That's it! Boring, I know, but these products work!

I have a refresher spray and a leave-in from APB in my cart to try based on you guys' suggestions, but I am mostly buying staples and body products during BF.


----------



## MileHighDiva (Nov 17, 2016)

My hair reminded me in 2016 that it likes to be left alone.  Also, my scalp had a fit and remined me that we don't do msm unless it's in QB products.   

In 2017, I'll stay the course and stick to what I know works for my hair and scalp, regarding product formulations and techniques.
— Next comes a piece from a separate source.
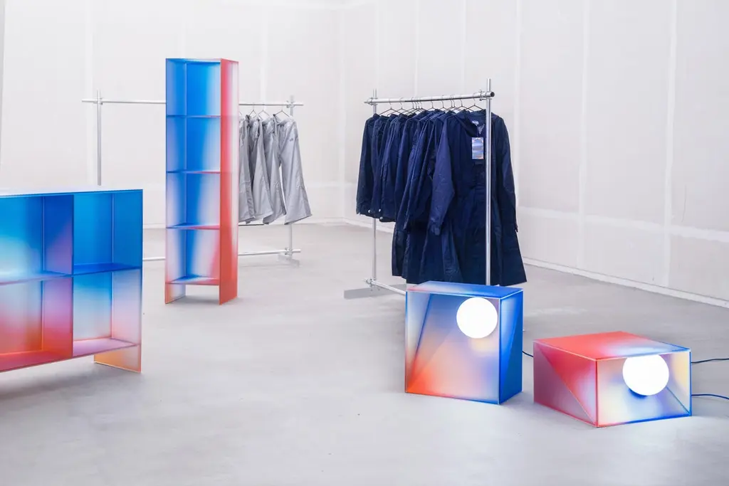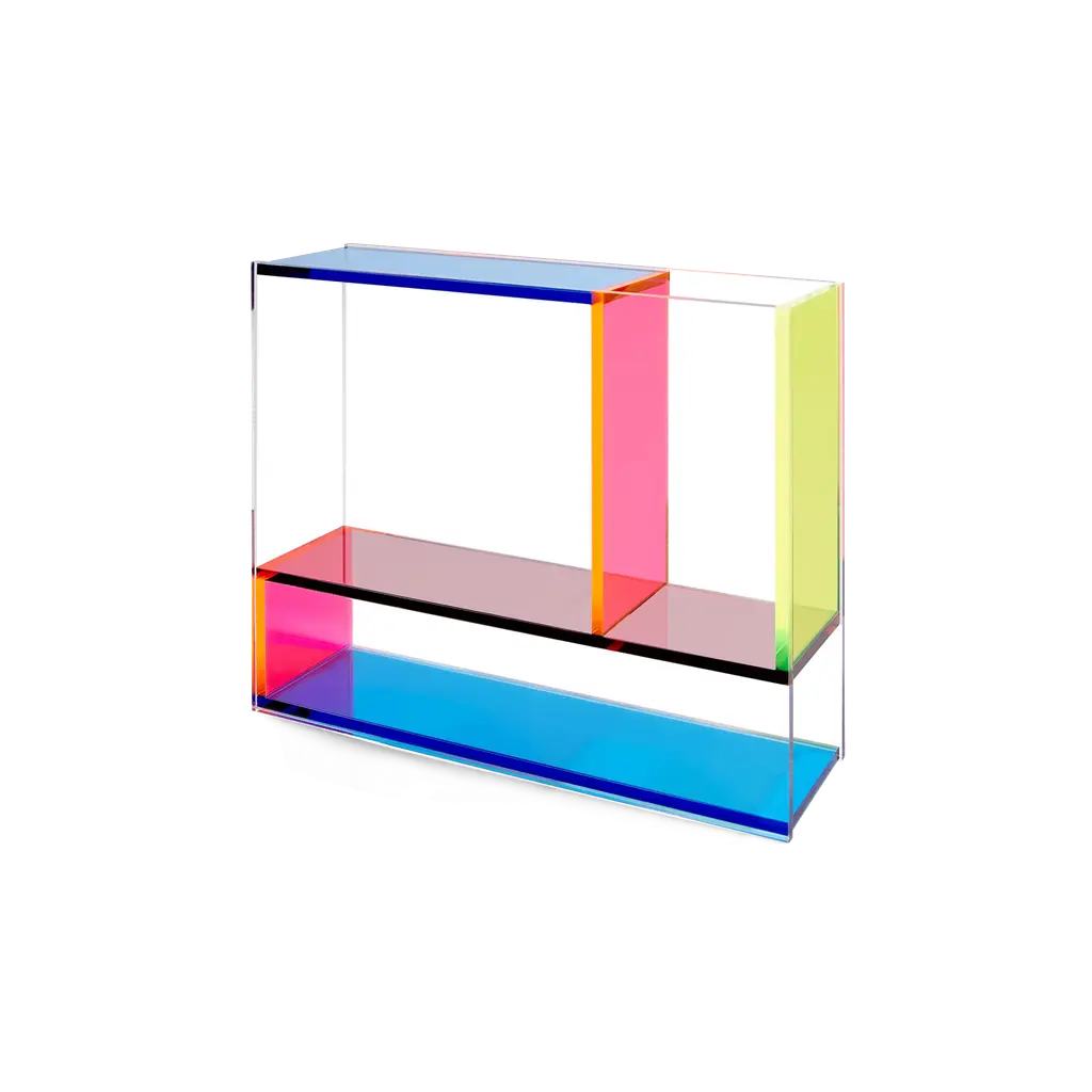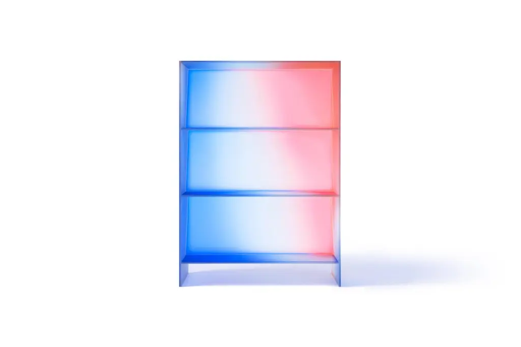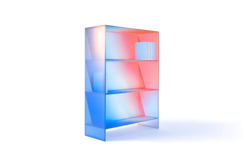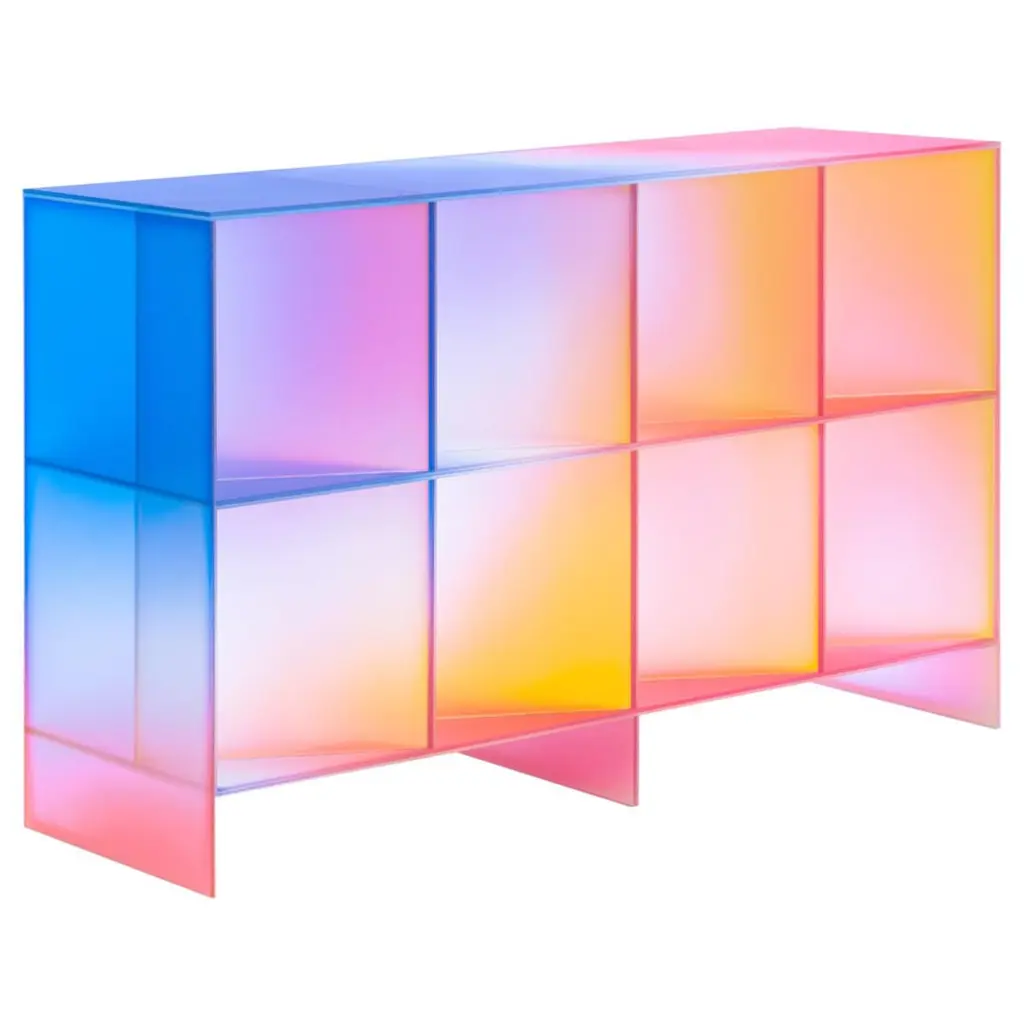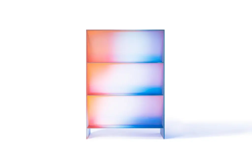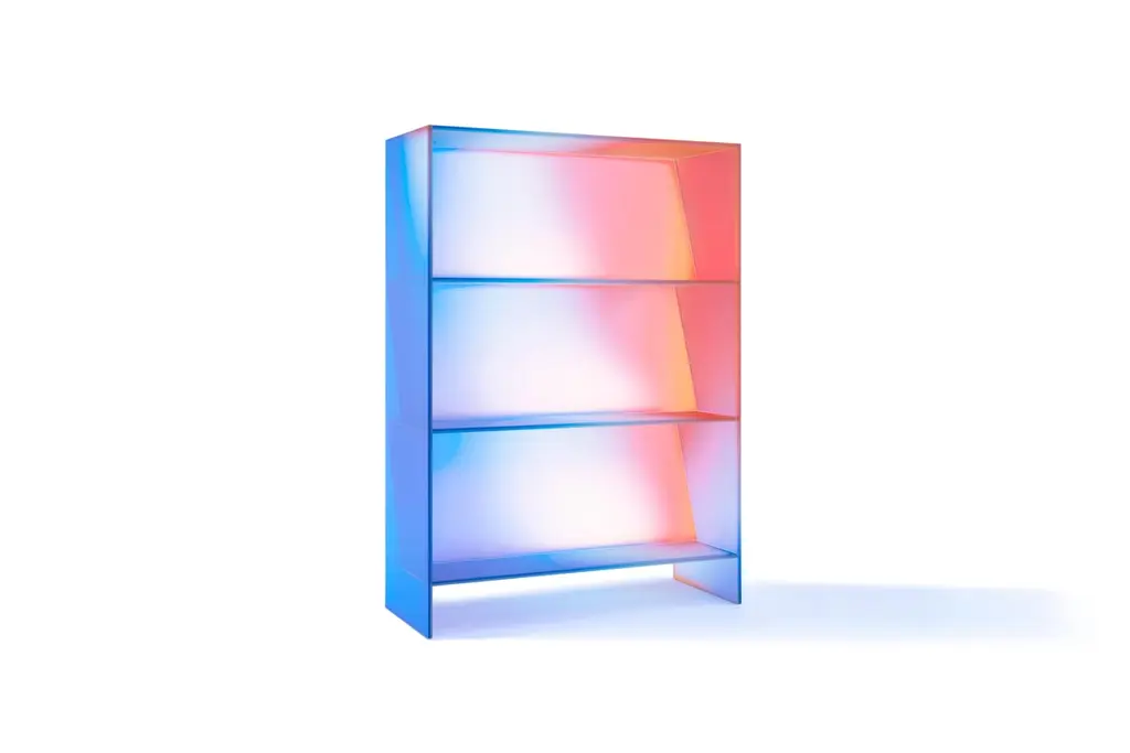 'HALO' collection by Buzao - Bookcase or cabinetLaminated dichroic glass, gradient colors 100 x 40 x H 139 cmStudio Buzao from Guangzhou (China) is exploring innovation with furniture and lighting design. From marble to lava stone, from electroplated stainless steel to laminated glass: Buzao always works with exclusive materials in a very contemporary style. With this new collection 'HALO', Buzao created a set of furnitures and lightings made of dichroic glass which gives unique gradient colors from pink to blue. We enjoy every minute looking at this piece like a sunset or a rainbow.

@coilyhaircutie, I bought some frozen beef broth from Sprouts last week to have on hand the next time I cleanse my system.


----------



## OnMyThrone (Nov 17, 2016)

Detangling properly is all my hair needed

The product Tweak'd changed the hair game for me

Apple cider vinegar diluted with water is the best detangler ever
Melts my new growth and has changed the way my hair operates with all products

I use very little products and my hair is thriving

Using a zillion different products do not work for me
My hair thrives with consistency

Also the right supplements make a huge difference


----------



## MileHighDiva (Nov 17, 2016)

Happy B-Day to the original Roller Setting Diva, @DominicanBrazilian82 @CrysMelis!

We miss you DB82!


----------



## toaster (Nov 17, 2016)

Excellent question @coilyhaircutie 

This year my hair taught me to stop messing around and stretch my ends. And that it could handle heat more often than once every year or so. Also that it wants to be detangled with a comb at least every other day. 

Next year I hope to take my hair on cruise control. Keep setting. Keep wearing it down when I want. Enjoy it and treat it well. 

I'll be starting the 2017 thread next week!!


----------



## coilyhaircutie (Nov 18, 2016)

MileHighDiva said:


> My hair reminded me in 2016 that it likes to be left alone.  Also, my scalp had a fit and remined me that we don't do msm unless it's in QB products.
> 
> In 2017, I'll stay the course and stick to what I know works for my hair and scalp, regarding product formulations and techniques.
> 
> @coilyhaircutie, I bought some frozen beef broth from Sprouts last week to have on hand the next time I cleanse my system.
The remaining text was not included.